Dataset section |
:::::
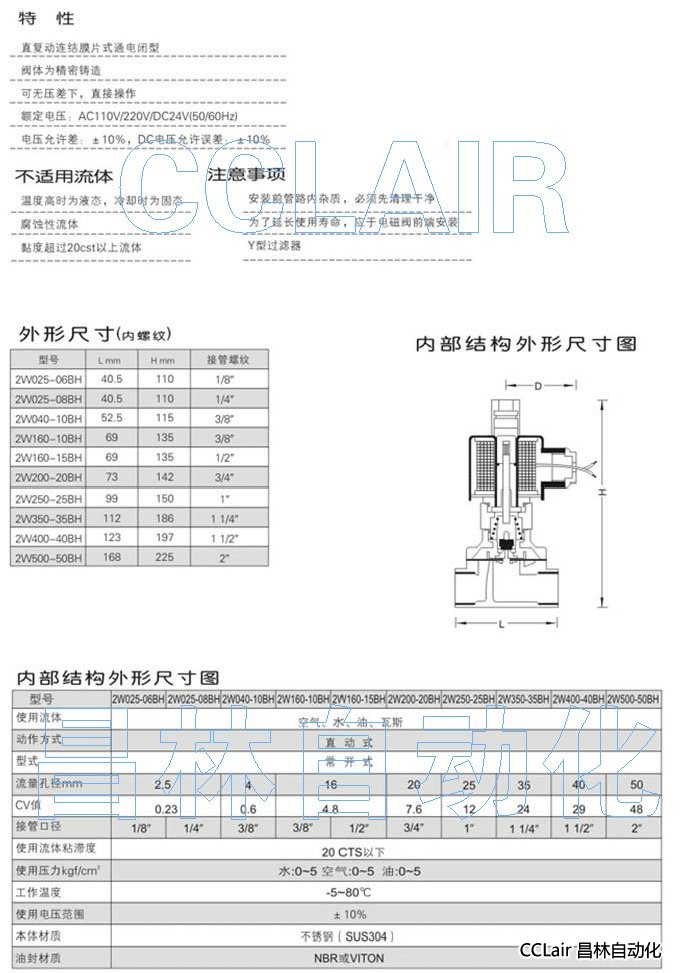 2W025-06BH,2W025-08BH,2W040-10BH,2W160-10BH,不銹鋼二位二通直動(dòng)式電磁閥(常開(kāi)型)
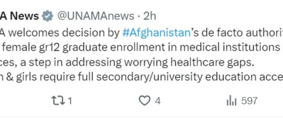 یوناما د پنجشنبې په ورځ په یوولسو ولایتونو کې په طبي موسسو کې د ښځینه زده کوونکو د نوملیکنې په اړه د طالبانو د پرېکړې هرکلی وکړ؛ خو دغه سازمان پر اېکس خواله رسنۍ د دغه پیغام له خپرولو وروسته هغه بیرته لرې کړ.
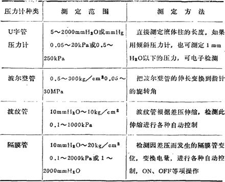 表2-1 压力的测定表
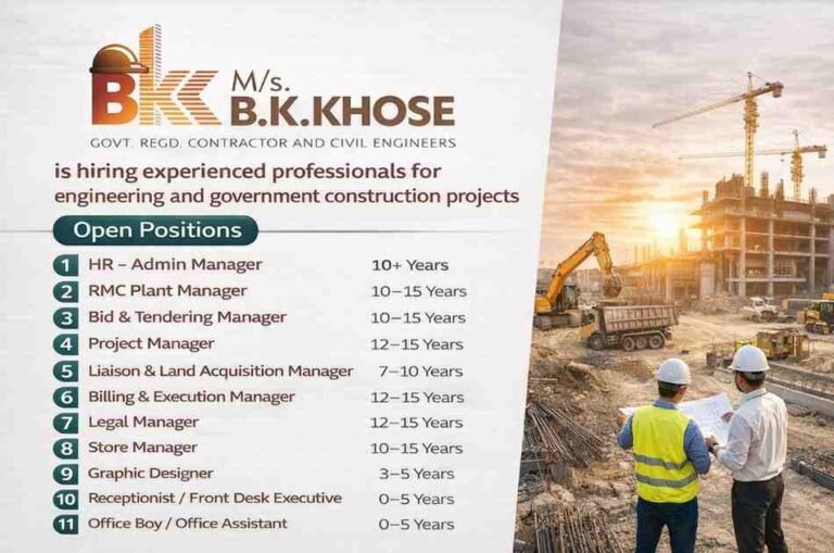 BK Khose Urgent Requirement 2026 | For Large-scale Government Infrastructure Projects Company Name B.K. Khose M/s. B.K. Khose is hiring …
:::::
What the task requires | Reproduce the data exactly as it appears above. Pictures are to be left out.

Written response |
 2W025-06BH,2W025-08BH,2W040-10BH,2W160-10BH,不銹鋼二位二通直動(dòng)式電磁閥(常開(kāi)型)
 یوناما د پنجشنبې په ورځ په یوولسو ولایتونو کې په طبي موسسو کې د ښځینه زده کوونکو د نوملیکنې په اړه د طالبانو د پرېکړې هرکلی وکړ؛ خو دغه سازمان پر اېکس خواله رسنۍ د دغه پیغام له خپرولو وروسته هغه بیرته لرې کړ.
 表2-1 压力的测定表
 BK Khose Urgent Requirement 2026 | For Large-scale Government Infrastructure Projects Company Name B.K. Khose M/s. B.K. Khose is hiring …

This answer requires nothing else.